++++ MATERIAL TO PROCESS

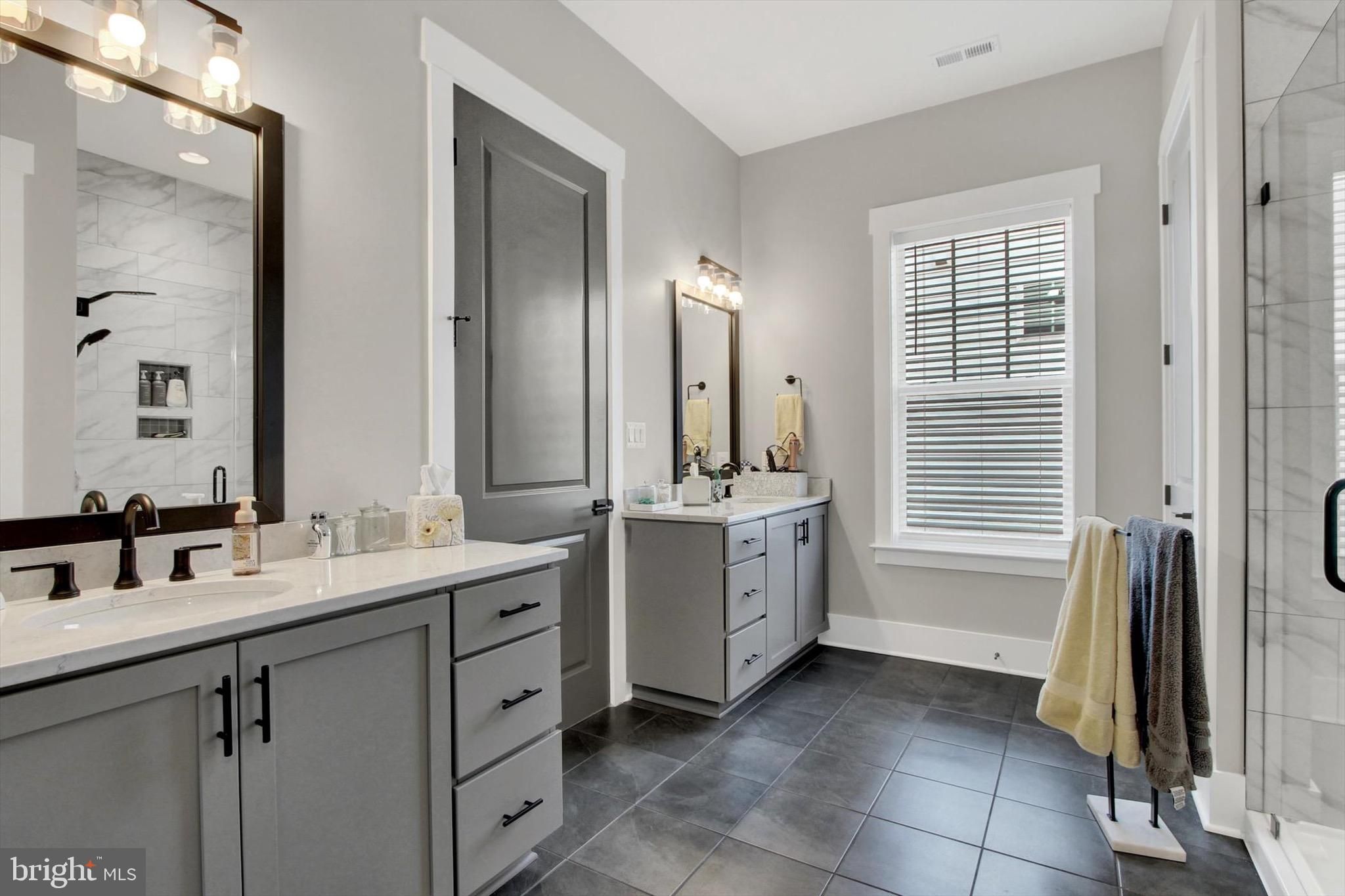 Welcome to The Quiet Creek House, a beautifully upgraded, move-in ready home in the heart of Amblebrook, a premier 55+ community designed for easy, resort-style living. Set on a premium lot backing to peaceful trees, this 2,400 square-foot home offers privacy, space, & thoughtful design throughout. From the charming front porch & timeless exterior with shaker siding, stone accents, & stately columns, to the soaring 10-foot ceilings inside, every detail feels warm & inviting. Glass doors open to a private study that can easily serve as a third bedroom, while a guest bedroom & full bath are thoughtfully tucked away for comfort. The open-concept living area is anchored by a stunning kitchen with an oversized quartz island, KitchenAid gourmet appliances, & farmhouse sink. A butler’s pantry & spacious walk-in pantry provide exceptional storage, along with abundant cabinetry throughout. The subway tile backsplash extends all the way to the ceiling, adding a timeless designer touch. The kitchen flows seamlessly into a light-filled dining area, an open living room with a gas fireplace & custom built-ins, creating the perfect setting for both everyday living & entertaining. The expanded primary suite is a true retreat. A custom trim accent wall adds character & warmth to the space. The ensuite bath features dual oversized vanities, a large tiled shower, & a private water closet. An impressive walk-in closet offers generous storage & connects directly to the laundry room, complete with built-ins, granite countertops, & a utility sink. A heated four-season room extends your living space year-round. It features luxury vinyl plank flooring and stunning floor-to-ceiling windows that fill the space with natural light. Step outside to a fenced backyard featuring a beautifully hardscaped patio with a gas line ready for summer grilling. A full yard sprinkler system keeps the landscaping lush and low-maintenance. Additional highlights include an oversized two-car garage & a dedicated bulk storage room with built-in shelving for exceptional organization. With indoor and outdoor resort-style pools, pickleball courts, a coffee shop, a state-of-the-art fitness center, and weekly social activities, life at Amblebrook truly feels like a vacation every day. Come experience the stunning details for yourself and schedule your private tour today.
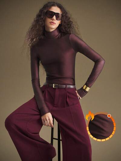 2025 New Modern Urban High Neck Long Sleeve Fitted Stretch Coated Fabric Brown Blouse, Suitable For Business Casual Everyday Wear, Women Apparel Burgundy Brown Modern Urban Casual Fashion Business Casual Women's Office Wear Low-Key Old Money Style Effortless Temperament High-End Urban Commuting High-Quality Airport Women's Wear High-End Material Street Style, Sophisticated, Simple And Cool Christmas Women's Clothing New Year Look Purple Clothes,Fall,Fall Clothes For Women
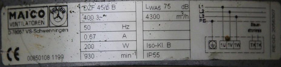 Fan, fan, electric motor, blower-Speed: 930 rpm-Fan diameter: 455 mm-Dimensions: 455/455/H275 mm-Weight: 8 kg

++++++++
++++ MATERIAL TO PROCESS

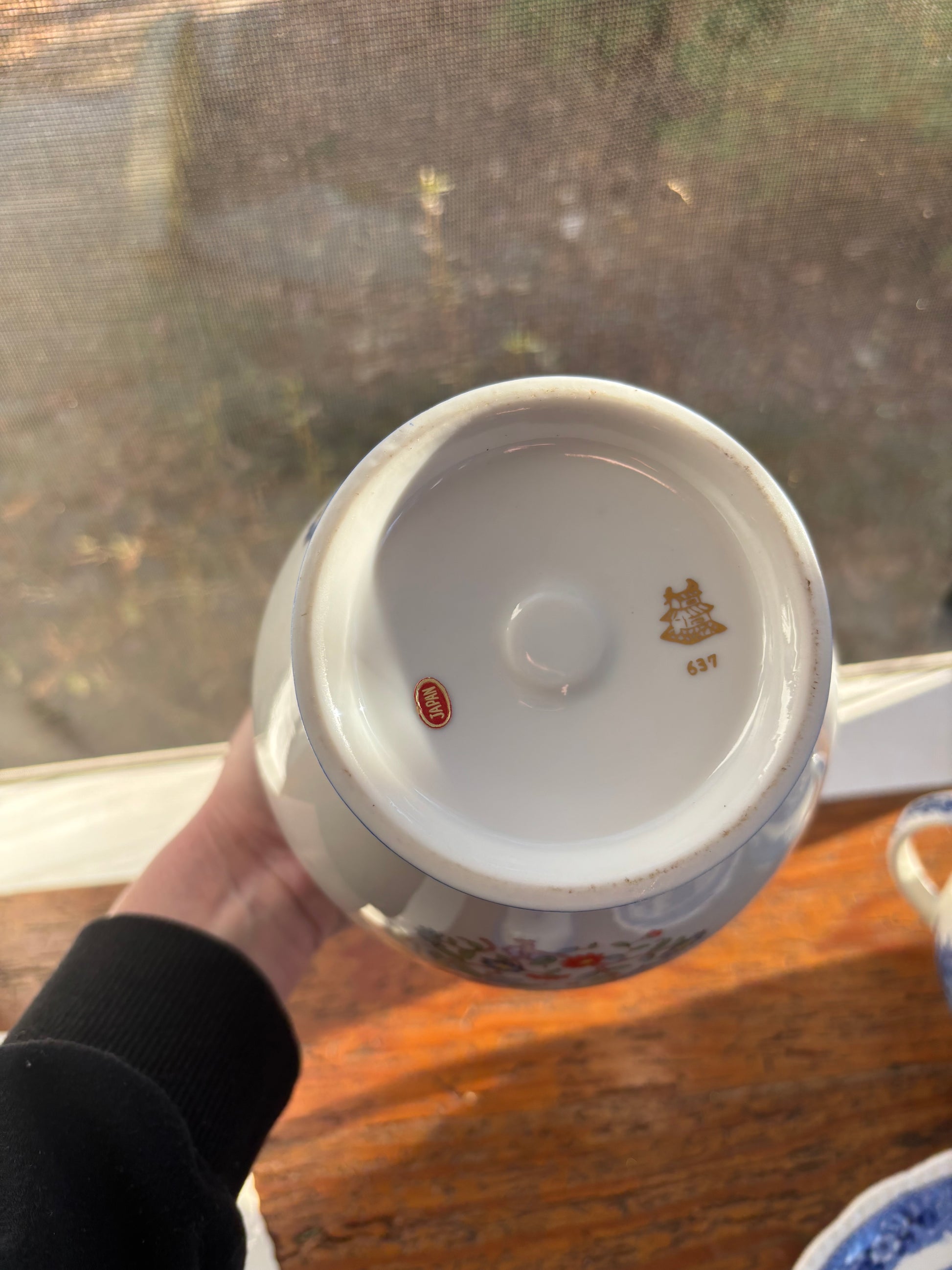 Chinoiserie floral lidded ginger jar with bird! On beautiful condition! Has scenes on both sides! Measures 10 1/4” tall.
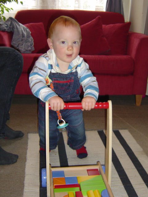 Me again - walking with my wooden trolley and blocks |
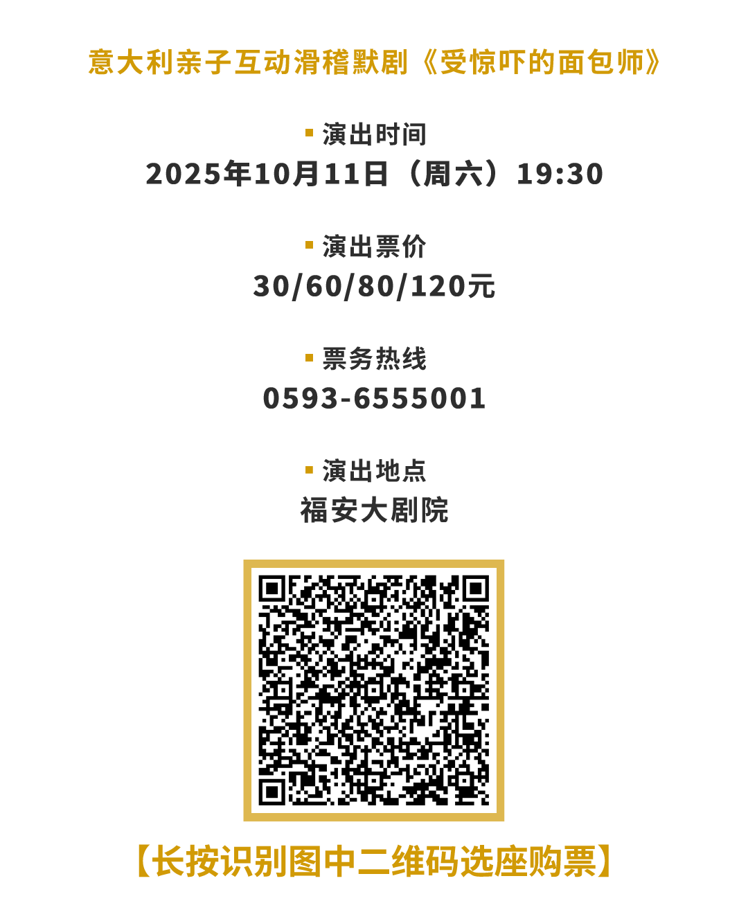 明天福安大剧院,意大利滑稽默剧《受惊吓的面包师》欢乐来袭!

++++++++
++++ MATERIAL TO PROCESS

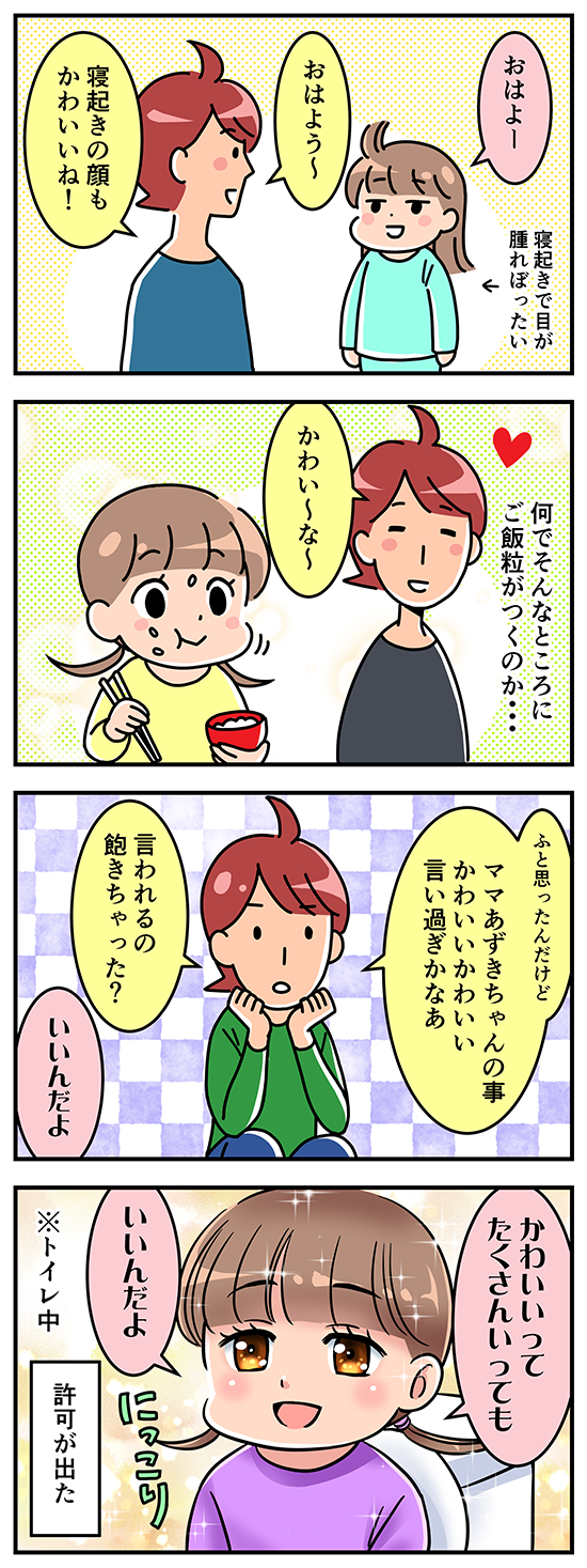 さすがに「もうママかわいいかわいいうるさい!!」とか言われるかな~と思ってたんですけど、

++++++++

**ASSIGNMENT**
Although the records above contain pictures, the copy must not; set down exactly the lines from the one with "Me again - walking" up to and including the one with "明天福安大剧院,意大利滑稽默剧《受惊吓的面包师》欢乐来袭!".

**RESPONSE**
 Me again - walking with my wooden trolley and blocks |
 明天福安大剧院,意大利滑稽默剧《受惊吓的面包师》欢乐来袭!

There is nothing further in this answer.